Our ever-increasing reliance on cyber technologies has generated a parallel vulnerability to cyber attacks on an individual, industry-wide and governmental level. The importance of attaining greater cyber security is beginning to get the rhetorical attention it deserves. But the ability and willingness of Canada and other Western governments to take concrete action is another matter.
In 2010, Canada released a Cyber Security Strategy. This strategy outlines worthy goals such as "making cyberspace more secure for all Canadians;" establishes pillars like "securing government systems," "partnering to secure vital cyber systems outside the federal government," "helping Canadians to be secure online;" and promises to "protect the integrity of Government systems and our nation's critical assets. It will combat cybercrime and protect Canadians as they use cyberspace in their daily lives." However, some insiders suggest that beyond the platitudes espoused in this publicly accessible document, there are few real plans for improving cyber security.

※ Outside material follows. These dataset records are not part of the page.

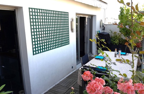The living room, dining room and kitchen all open on a private terrace offering a direct view on the Eiffel tower and equipped with a table for up to 6 guests. Dining or taking a drink on the terrace is a real pleasure in summer.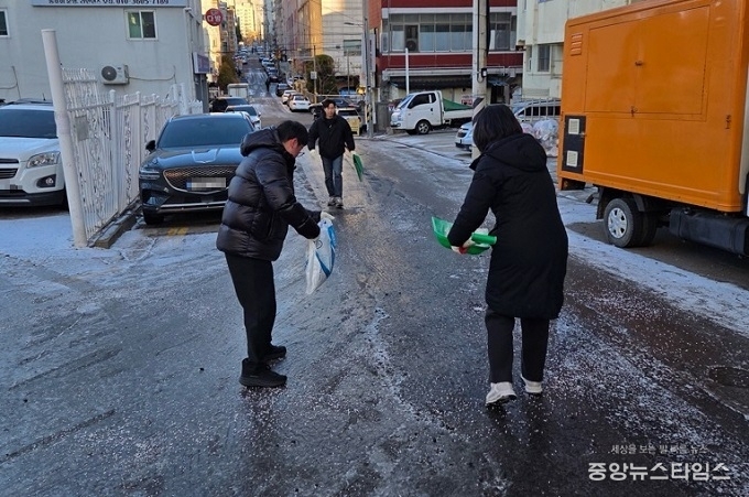 (중앙뉴스타임스 = 방재영 기자) 인천 남동구 구월3동 행정복지센터는 강설 이후 도로 및 보행로에 발생한 결빙 구간을 대상으로 신속한 제설 작업을 실시했다고 14일 밝혔다.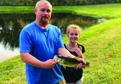 Emma MacVicar, 10yo caught her first fish ever, w/ a little advice from her proud dad.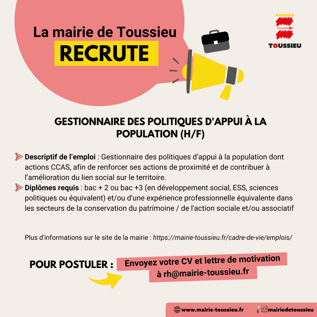 Pour plus d’informations sur la fiche de poste rendez-vous sur : https://mairie-toussieu.fr/cadre-de-vie/emplois/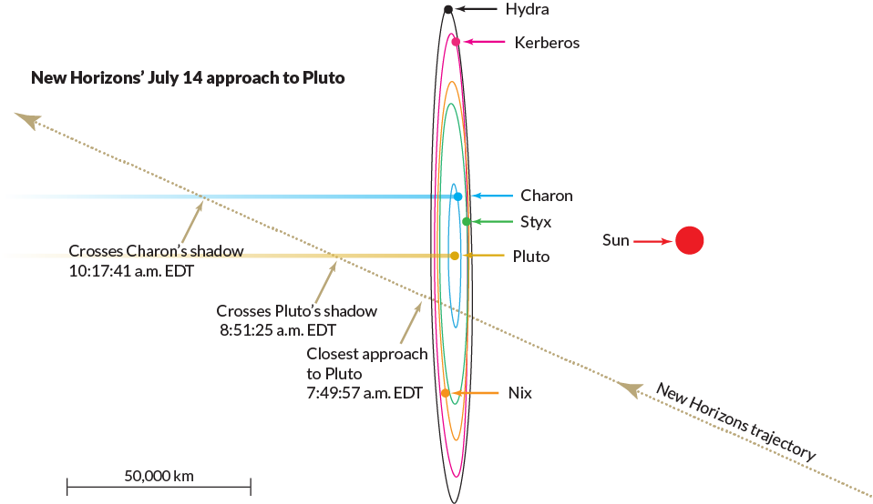 PLUTO IN SIGHT The New Horizons spacecraft launched in 2006 on a 9.5-year, 5-billion-kilometer trek across the solar system to spend a few hours with Pluto and its five known moons. The probe will tear past the dwarf planet on July 14 and provide humankind with its first intimate look at the remote world in orbit around the sun.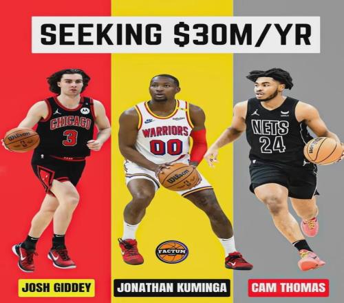 2025年休賽期,托馬斯和籃網續約談判不順,就像庫明加和勇士一樣。托馬斯想要5年1.5億美元的大合同,但籃網隻給他2年3000萬美元,而且第二年還是球隊選項。托馬斯一氣之下,選擇接受籃網1年599萬美元的資質報價。

The situation may not be much better in the U.S., where the risks are even more pronounced. In a January 2012 worldwide threat assessment, Director of National Intelligence James Clapper asserted, "Cyber threats pose a critical national and economic security concern." In March, FBI Director Robert Mueller told security professionals that, "Terrorism does remain the FBI's top priority, but in the not too-distant-future we anticipate that the cyberthreat will pose the greatest threat to our country."
Yet even American officials recognize that the government could be doing more. Jason Healey, White House director of cyber infrastructure protection from 2003-2005, has remarked that if a serious cyber attack were to strike in the U.S., a call to the Department of Homeland Security for help would not be terribly useful. Rather, according to Healey, "If we do ever have a cyberwar, it will be won or lost in the private sector."
This context helps to appreciate the title of security expert Tom Quiggin's paper, "'Don't Call Us': Governments, Cyber Security, and Implications for the Private Sector." In this report, published last month by Queen's University, Quiggin outlines several problems that Western countries need to address.
For starters, international norms do not exist for cyber behaviour, and governments are therefore unclear as to how concepts of deterrence, escalation and retaliation apply in the case of a foreign state-sponsored cyber attack. While land, air and sea have long been the three conventional domains of war, Quiggin points out that the rules surrounding conflict were never clearly extended into the fourth domain of outer space, and certainly not into the fifth domain of cyber space.
Quiggin also questions the claims by governments in the West that cyber security is a priority; their words are belied by the "amount of effort, money and coordination going into actual solutions." Rafal Rohozinski, a cyber security expert with The SecDev Group, singles out Canada in this regard. He notes that in contrast to the UK, which committed £650 million to cyber defence, Canada committed only $95 million. Canada's actions, Rohozinski maintains, need to reflect the recognition that "control and ability to act in the cyber domain is as important in the information age as was the ability to generate force [...] in the industrial era."
The concern is that some countries may have reached this very conclusion sooner. While terrorist groups and criminals perpetrate cyber attacks, many contend that cyber warfare and espionage by foreign military and intelligence services pose the greatest threat. China and Russia are seen as the worst offenders, but Iran (which has also been on the receiving end of cyber attacks) is close behind.
Director of National Intelligence James Clapper stated in recent congressional testimony that Iran's "cyber capabilities...have dramatically increased in recent years in depth and complexity." Google Executive Chairman Eric Schmidt has contended that the "Iranians are unusually talented in cyber warfare for reasons we don't fully understand." According to U.S. Representative Dan Lungren (R-CA), Iran's cyber capability has been rated among the top five globally, and the country has recently invested $1 billion in new cyber warfare technology. An October 2011 assessment by the Center for Strategic and International Studies found that Iran's Islamic Revolutionary Guard Corps (IRGC), which is responsible for the regime's nuclear program, international terrorist activities and domestic human rights violations, also has a cyber-warfare unit with a staff of about 2,400 and a budget of $76 million.
To strengthen Canada's cyber security, the government could start by reading reports like Quiggin's, and considering recommendations from Ronald Deibert and Rafal Rohozinski: Canada should "convene a meeting of major powers to formulate a Treaty of Cyberspace recognizing that this domain is now of equal importance to that of land, air, space and sea" and "take a leading role in defining international mechanisms for dealing with cyber incidents at a global level".
Quiggin believes that the private sector should create its own defensive capabilities. It should. But his conclusion is premised on the assumption that the government's contribution to enhanced cyber defence will be small. Ottawa should prove him wrong.